(Beginning of Input material)

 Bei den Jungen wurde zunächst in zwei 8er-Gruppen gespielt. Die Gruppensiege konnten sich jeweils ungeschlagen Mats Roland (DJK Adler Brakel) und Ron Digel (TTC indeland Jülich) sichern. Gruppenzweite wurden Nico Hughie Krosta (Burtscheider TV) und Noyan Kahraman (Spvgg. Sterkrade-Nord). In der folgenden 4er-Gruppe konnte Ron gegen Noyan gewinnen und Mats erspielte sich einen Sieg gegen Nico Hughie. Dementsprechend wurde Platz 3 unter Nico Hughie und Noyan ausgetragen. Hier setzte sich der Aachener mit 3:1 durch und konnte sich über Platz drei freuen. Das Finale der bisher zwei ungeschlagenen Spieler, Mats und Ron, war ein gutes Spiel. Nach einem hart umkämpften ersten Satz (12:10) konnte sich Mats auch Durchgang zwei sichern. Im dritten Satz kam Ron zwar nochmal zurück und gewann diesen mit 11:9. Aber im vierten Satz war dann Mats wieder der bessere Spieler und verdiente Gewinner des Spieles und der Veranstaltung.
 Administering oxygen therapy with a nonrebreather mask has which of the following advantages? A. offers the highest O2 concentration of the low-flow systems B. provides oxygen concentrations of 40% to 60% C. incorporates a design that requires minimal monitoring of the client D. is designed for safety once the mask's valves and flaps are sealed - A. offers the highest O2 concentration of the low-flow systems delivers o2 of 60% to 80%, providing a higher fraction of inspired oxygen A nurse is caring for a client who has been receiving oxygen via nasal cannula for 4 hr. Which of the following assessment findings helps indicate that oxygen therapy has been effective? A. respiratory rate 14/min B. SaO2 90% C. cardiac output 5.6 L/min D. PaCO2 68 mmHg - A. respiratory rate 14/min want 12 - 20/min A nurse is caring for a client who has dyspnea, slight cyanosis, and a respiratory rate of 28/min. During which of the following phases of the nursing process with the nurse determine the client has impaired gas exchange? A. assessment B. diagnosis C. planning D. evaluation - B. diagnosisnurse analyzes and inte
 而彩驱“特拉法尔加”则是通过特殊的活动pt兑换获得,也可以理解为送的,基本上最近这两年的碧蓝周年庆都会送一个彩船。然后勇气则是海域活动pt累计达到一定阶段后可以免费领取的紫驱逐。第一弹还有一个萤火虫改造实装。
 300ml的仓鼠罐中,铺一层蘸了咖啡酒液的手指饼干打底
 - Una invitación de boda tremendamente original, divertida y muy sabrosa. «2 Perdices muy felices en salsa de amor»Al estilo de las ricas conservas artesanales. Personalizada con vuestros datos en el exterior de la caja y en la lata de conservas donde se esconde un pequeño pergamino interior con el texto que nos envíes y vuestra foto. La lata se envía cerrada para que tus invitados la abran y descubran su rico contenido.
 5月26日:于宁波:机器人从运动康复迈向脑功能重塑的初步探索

(End of Input material)
(Beginning of Input material)

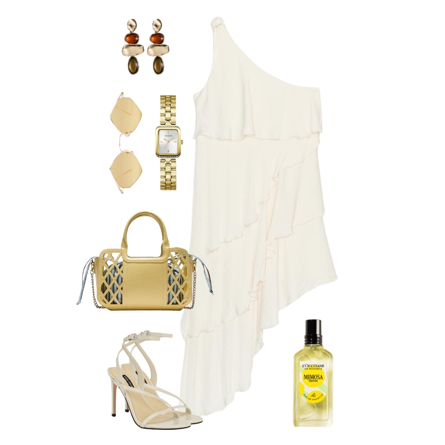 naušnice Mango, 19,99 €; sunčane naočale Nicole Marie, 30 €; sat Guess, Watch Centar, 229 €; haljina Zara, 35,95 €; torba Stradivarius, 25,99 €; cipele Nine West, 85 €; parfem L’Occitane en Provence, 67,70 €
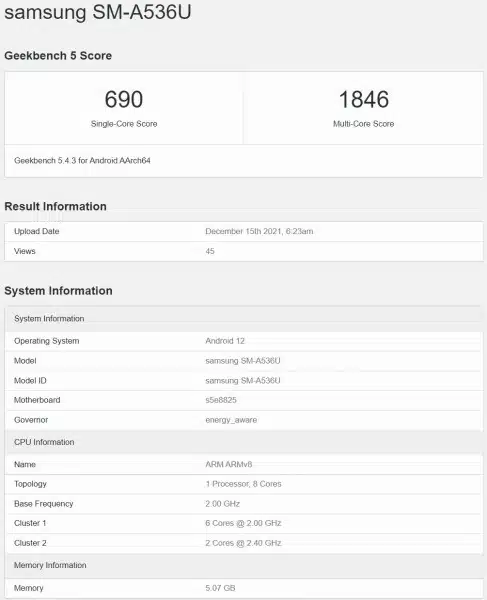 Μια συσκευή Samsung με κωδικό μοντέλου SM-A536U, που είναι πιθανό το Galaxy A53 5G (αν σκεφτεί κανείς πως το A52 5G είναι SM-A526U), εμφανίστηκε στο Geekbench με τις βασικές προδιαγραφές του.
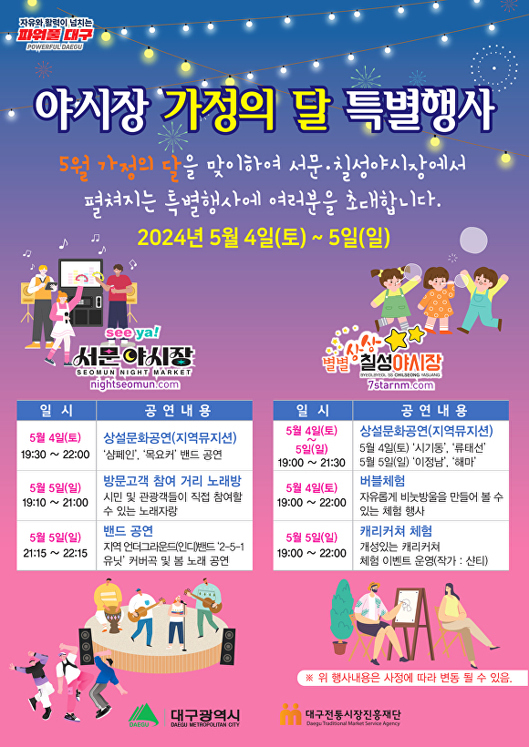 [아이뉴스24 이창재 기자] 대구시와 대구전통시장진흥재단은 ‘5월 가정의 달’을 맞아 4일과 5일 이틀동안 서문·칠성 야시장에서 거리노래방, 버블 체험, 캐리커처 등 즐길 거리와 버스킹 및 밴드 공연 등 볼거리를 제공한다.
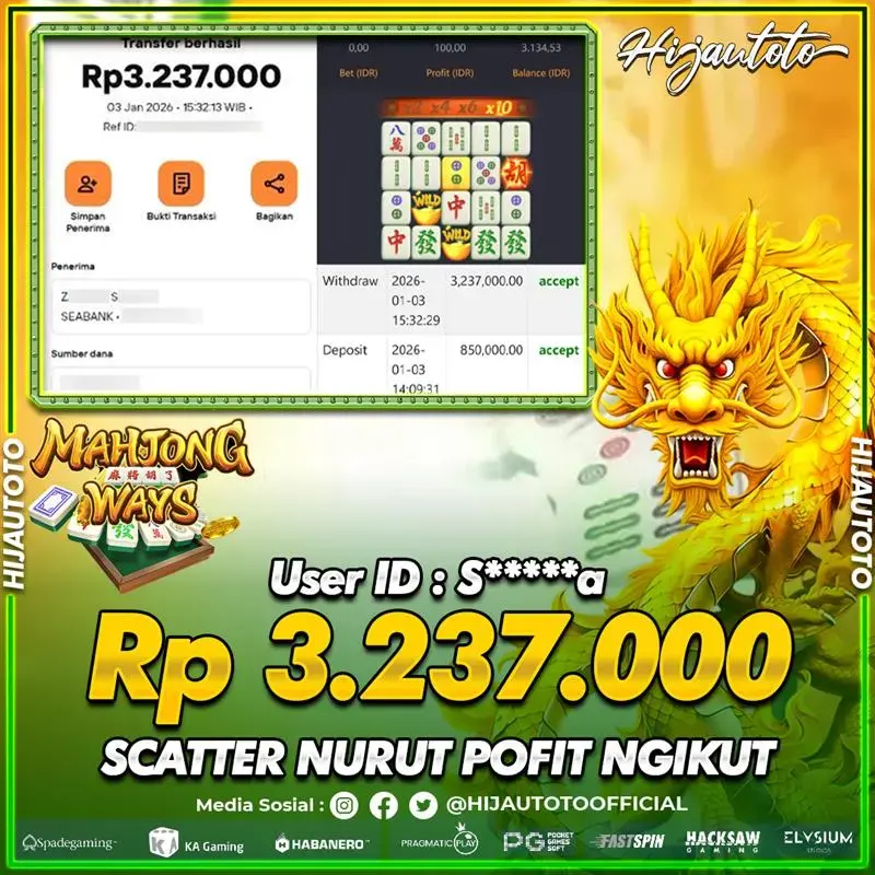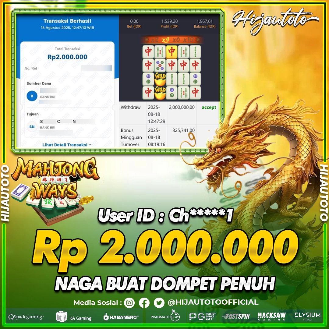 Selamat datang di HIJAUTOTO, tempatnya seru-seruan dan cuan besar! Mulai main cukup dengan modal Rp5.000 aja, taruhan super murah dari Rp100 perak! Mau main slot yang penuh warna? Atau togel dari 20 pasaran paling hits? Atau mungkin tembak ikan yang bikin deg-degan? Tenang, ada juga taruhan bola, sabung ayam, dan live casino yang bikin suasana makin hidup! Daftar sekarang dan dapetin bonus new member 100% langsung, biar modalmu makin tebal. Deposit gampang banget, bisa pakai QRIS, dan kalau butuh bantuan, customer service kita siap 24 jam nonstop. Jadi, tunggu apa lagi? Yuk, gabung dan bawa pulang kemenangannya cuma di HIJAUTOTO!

(End of Input material)
(Beginning of Input material)

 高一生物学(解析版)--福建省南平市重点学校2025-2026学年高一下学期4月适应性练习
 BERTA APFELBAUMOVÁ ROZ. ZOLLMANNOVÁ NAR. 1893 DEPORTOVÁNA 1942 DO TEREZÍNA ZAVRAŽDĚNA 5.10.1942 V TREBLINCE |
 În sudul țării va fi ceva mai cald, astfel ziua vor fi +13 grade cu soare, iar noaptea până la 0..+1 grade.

(End of Input material)

■ **Your task**: Please write out, exactly as they appear above, only the lines in the stretch from the line with "高一生物学(解析版)--福建" through the line with "În sudul țării".

■ **Answer to the exercise**:
 高一生物学(解析版)--福建省南平市重点学校2025-2026学年高一下学期4月适应性练习
 BERTA APFELBAUMOVÁ ROZ. ZOLLMANNOVÁ NAR. 1893 DEPORTOVÁNA 1942 DO TEREZÍNA ZAVRAŽDĚNA 5.10.1942 V TREBLINCE |
 În sudul țării va fi ceva mai cald, astfel ziua vor fi +13 grade cu soare, iar noaptea până la 0..+1 grade.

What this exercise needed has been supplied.